Около семи мы все-таки вылезли из постели и отправились в соседний итальянский ресторанчик съесть пасты с домашним красным вином. Петра с воодушевлением говорила о Нью-Йорке, рассказала, что в поезде на обратном пути из Гамбурга даже сочинила текст заявления для американского консульства и завтра собирается отпечатать его, чтобы я потом прочитал и скорректировал ее «плохой английский».

— Уверен, что твой английский безупречен, — сказал я.

— А ты начнешь говорить со мной по-английски, когда мы переедем в Штаты?

— Может, половину времени по-английски, а половину auf Deutsch?

— Отличный компромисс.

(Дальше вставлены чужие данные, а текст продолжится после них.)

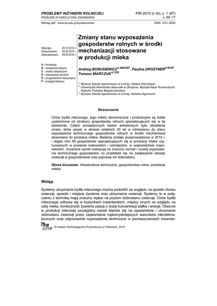 PROBLEMY P INŻYNIERIII ROLNICZE EJ PIR R 2015 (I–III): z. 1 (87) PROBLEMS P OF AG GRICULTURAL ENG GINEERING s. 69–77 Wersja W pdf: www w.itp.edu.pl/wyd dawnictwo ISSN N 1231-0093 Wpłynęło W Zrecenzowano Z Zaakceptowano Z 228.10.2014 r. 002.02.2015 r. 009.02.2015 r. A – koncepcja B – zestawienie dannych C – analizy statystycczne D – interpretacja wyyników E – przygotowanie m maszynopisu F – przegląd literatury Zmiany stanu s w wyposaż żenia gospoda arstw ro olnych w środk ki m mechani zacji sttosowan ne w produk kcji mle eka An ndrzej BORU USIEWICZ1) AABCDEF, Paulin na DROŻYNE ER2) BCEF, 3) CDE To omasz MARC CZUK 1) Wyższa Szkoła Agrobiznesu W A wŁ Łomży, Zakład Informatyki U Uniwersytet Warrmińsko Mazurskki w Olsztynie, Wydział W Nauk Te echnicznych, K Katedra Podstaw w Bezpieczeństtwa 3) W Wyższa Szkoła Agrobiznesu A wŁ Łomży, Katedra a Agronomii 2) Streszczenie Chów b bydła mlecznego, jego efe ekty ekonomiiczne i produkcyjne są ściśle uzależn nione od stru uktury gospod darstw rolnycch specjalizujących się w tej dziedzin nie. Celem prowadzonyc ch badań a ankietowych było określe enie zmian, które zaszłyy w okresie ostatnich o 20 lat w odniesieniu do sta anu ażenia techniicznego gosp podarstw roln nych w środ dki mechanizacji wyposa stosowa ane do produ ukcji mleka. Badania B zosta ały przeprowadzone w 2013 r. i objęto o nimi 95 gosspodarstw specjalizujących h się w produ ukcji mleka usyu tuowanych w powie ecie makowsk kim i ostrołęcckim, w wojew wództwie ma azom. Uzyskane wyniki w wskazują na znaczn ny wzrost i ro ozwój wyposa ażewieckim nia technicznego go ospodarstw, co c przekłada a się na zwię ększenie obsa ady ąt w gospodarrstwie oraz po oprawę ich do obrostanu. zwierzą Słowa kluczowe: in nfrastruktura techniczna, go ospodarstwo rolne, produk kcja mleka Wstęp W Systemy S utrzyymania bydła a mlecznego można podzzielić ze względu na sposób chowu zwierząt, z spo osób i miejscce żywienia oraz o utrzyma ania zwierzątt. Systemy te e w połączeniu c z techniką mają zn naczny wpływ w na poziom dobrostanu zwierząt. Ch hów bydła mlecznego m od dbywa się w budynkach inwentarskicch, między innymi ze wz zględu na udój u mleka, ko onieczność żywienia ż pasz zą o dużej ko oncentracji białka i energii. Obecnie w produkcji m mlecznej szcczególny nac cisk kładzie się na zape ewnienie i uttrzymanie dobrostanu d zzwierząt prze ez zapewnien nie najkorzysstniejszych warunków w mikroklimaty ycznych orazz odpowiedn nie wyposaże enie techniczzne w pomie eszczeniach inwentar© Instyytut Technologiczzno-Przyrodniczy y w Falentach, 20015 Andrzej Borusiewicz, Paulina Drożyner, Tomasz Marczuk skich. Odpowiednio do przyjętego systemu chowu stosuje się różne technologie utrzymania zwierząt, zadawania pasz, doju czy też usuwania obornika. Według badań przeprowadzonych w 2002 r., na terenie całej Polski ponad 98% wszystkich obór to obory uwięziowe. Jedynie w gospodarstwach produkujących ponad 100 tys. l mleka rocznie udział obór wolnostanowiskowych wynosił ponad 10% [NAWROCKI 2009]. Racjonalny rozwój techniki i technologii produkcji zwierzęcej jest uwarunkowany postępem genetycznym, wymaganiami dobrostanu zwierząt i jakości produktów, a także ograniczeniami związanymi z ochroną środowiska [ROMANIUK 2010]. Wdrażanie postępu technicznego i technologicznego w produkcji zwierzęcej zależy od efektywności prowadzonej działalności. Na strukturę stosowanych maszyn wpływa stopień koncentracji zwierząt. Wielkość stada zwierząt zależy od wielkości gospodarstwa, jakości gleb oraz prawidłowego doboru i wykorzystania maszyn [KWAŚNIEWSKI 2006]. Wprowadzenie nowoczesnych technologii, np. stosowanie robotów udojowych, wpływa na poprawę jakości i ilości uzyskiwanego mleka od krów [GŁOWICKA-WOŁOSZYN i in. 2010; WINNICKI i in. 2010; WINNICKI, JUGOWAR 2014]. W praktyce rolniczej szczególne znaczenie mają tzw. zintegrowane metody produkcji, które są warunkowane wdrożeniem „Kodeksu dobrej praktyki rolniczej” [DUER i in. (red.) 2002]. Celem badań była ocena zmian wyposażenia technicznego w gospodarstwach specjalizujących się w produkcji mleka krowiego w okresie ostatnich 20 lat. Metodyka badań Badania realizowano w 2013 r., polegały one na przeprowadzeniu ankiet wśród właścicieli 95, losowo wybranych, gospodarstw rolnych specjalizujących się w produkcji mleka, znajdujących się na terenie powiatu makowskiego i ostrołęckiego w województwie mazowieckim. Pytania dotyczyły stanu technicznego gospodarstw i zmian, które zaszły w okresie 20 lat. Na podstawie udzielonych odpowiedzi określono stan wyposażenia gospodarstw rolnych w środki mechanizacji stosowane bezpośrednio lub pośrednio w produkcji mlecznej przed dwudziestu laty i obecnie. Narzędziem badawczym był kwestionariusz wywiadu, który składał się z trzech części: pierwsza – na temat właściciela gospodarstwa (wiek, wykształcenie), druga – informacji o gospodarstwie (wielkość gospodarstwa, struktura zasiewów, wielkość stada), trzecia – zmian w strukturze wyposażenia technicznego gospodarstw specjalizujących się w produkcji mleka. Wyniki badań i dyskusja Wszystkie badane gospodarstwa rozpoczęły specjalizację w produkcji mleka przed 1990 r., wraz z podjęciem specjalizacji wybudowano w nich nowe obory. W analizowanych gospodarstwach 50% właścicieli jest w wieku 35–45 lat, natomiast druga połowa jest w przedziale wiekowym 45–55 lat. W badanej grupie gospodarstw w powiecie makowskim i ostrołęckim przed 1993 r. 75% stanowiły gospodarstwa do 20 ha, pozostałe 25% to gospodarstwa o powierzchni od 21 do 30 ha (tab. 1). Obecnie widoczny jest znaczy wzrost areału, tj. blisko 50% stanowią gospodarstwa od 31 do 40 ha, po 25% od 21 do 30 ha i ponad 40 ha. 70 © ITP w Falentach; PIR 2015 (I–III): z. 1 (87) Zmiany stanu wyposażenia gospodarstw rolnych w środki mechaniza

А знаешь, что мне еще хочется сделать — и кстати, у меня есть кое-какие сбережения, — купить для нас недорогую машину и пару месяцев колесить по всей Америке. Мы можем останавливаться где-нибудь на время, а потом ехать дальше. Ты бы каждый день работал над своей берлинской книгой. А все остальное время это будет «Путешествие с Томасом и Петрой». — Она протянула руку и коснулась моего лица. — Все будет замечательно, как только мы выберемся из этого города.

Я закивал, надеясь, что она не замечает моей нервной дрожи. Зачем она рисовала такую романтическую картинку нашего вояжа на стареньком «шеви», если провела с ним весь уик-энд? И в чем подтекст ее последней фразы: «Все будет замечательно, как только мы выберемся из этого города»? Может, она нашла выход из шпионского мира, в котором ее вынужденно заперли? Но если так… смогу ли я жить с сознанием того, что с первой минуты в наших отношениях было столько лжи? Возможно ли, что в ее последних словах был намек на то, что она наконец решила порвать со своим прошлым?

Я извинился и вышел в туалет. Закрыв за собой дверь, вцепился в края умывальника в поисках опоры.

Как тебе могло прийти в голову, что восточногерманского агента вот так запросто отпустят, да еще и благословят на брак с американцем и позволят эмигрировать в Штаты?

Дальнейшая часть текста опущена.